A wilting rose, wrinkling skin, greying hair, all of these remind one fact: Impermanence. Has this fact of life ever troubled you? Disturbed you deeply? If yes then you are lucky, because in you a Buddha can be born. Siddhartha (the young Buddha) was deeply perturbed by the scenes of a sick person, an old man and a dead body.
But our mistake is that we do not accept the change. Why do we resist change? It is because we are afraid of losing the beautiful experience of life. The fear of the uncertainty of the new drives us to resist change. On the contrary if permanence were the nature of life, then what if pain, frustration, displeasure, and disappointment & a whole host of unpleasant experiences continue ad infinitum? That would be stuck in hell.
Buddha taught the Pratitya Samutpada Sutra which said,” This is because that is. if this is not, then that is not.
”True happiness is sourced in wisdom that everything changes. As life throws up more and more experiences, your perceptions keep changing. Love, affection, friendship do continue thru life, but they too take on changes life brings on them and evolve with time. As we observe the truth of what Buddha spoke, we come to peace with ourselves.
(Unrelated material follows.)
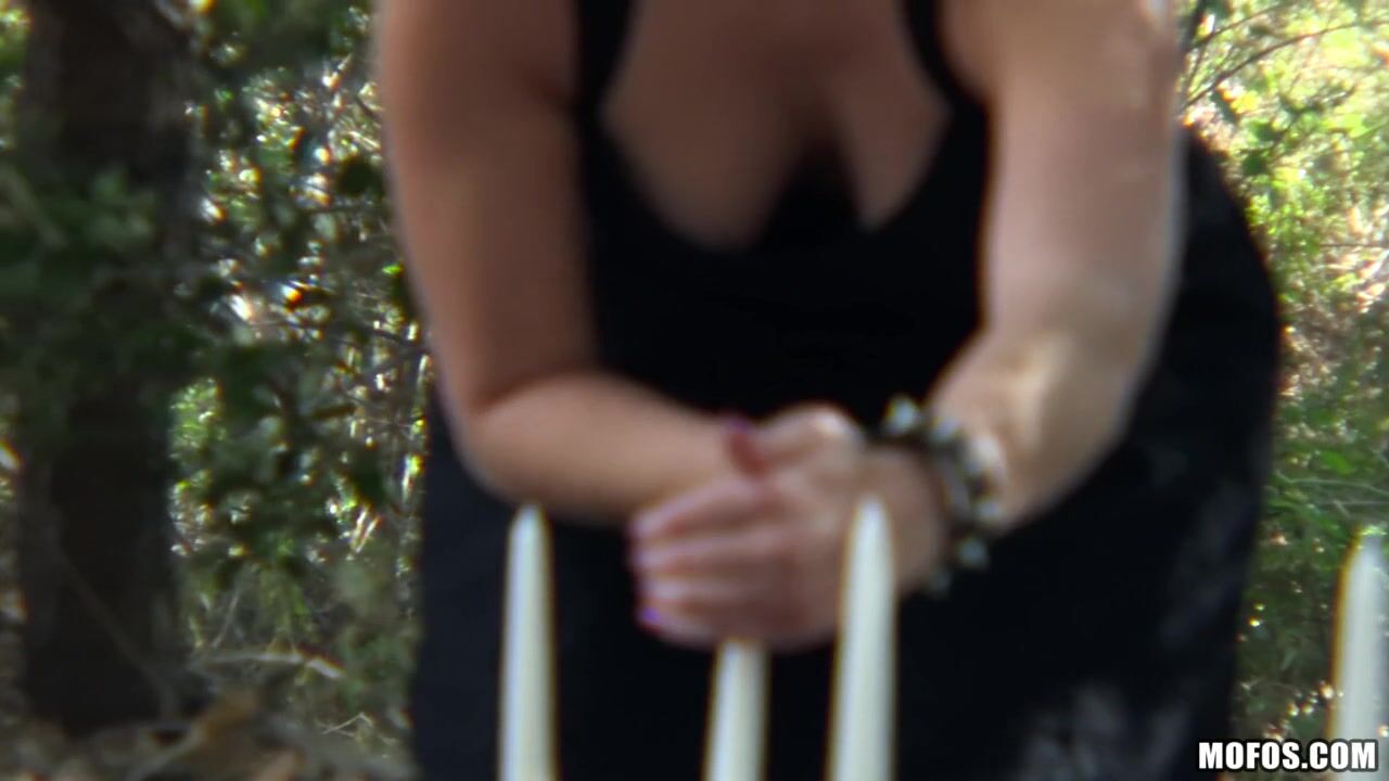 Description: Kate England went into the forest to cast a love spell. After masturbating with a candle the horny amateur spotted a peeping perv with a camera and knew her prince charming had finally arrived to give her the big cock she had been praying for!

Who have to blame? Some deep-rooted anguish, disappointments and yearnings lose charge over us as this wisdom dawns on us. All of us want absolute power over everything.
How do you think our thirst could be ever quenched? It can be only appeased. Hence, Buddha spoke of freedom as the appeasement of all obsessions. Our obsessions can be appeased when we see what life is at this moment; it is not the next moment. A rose is not a rose if it stays forever.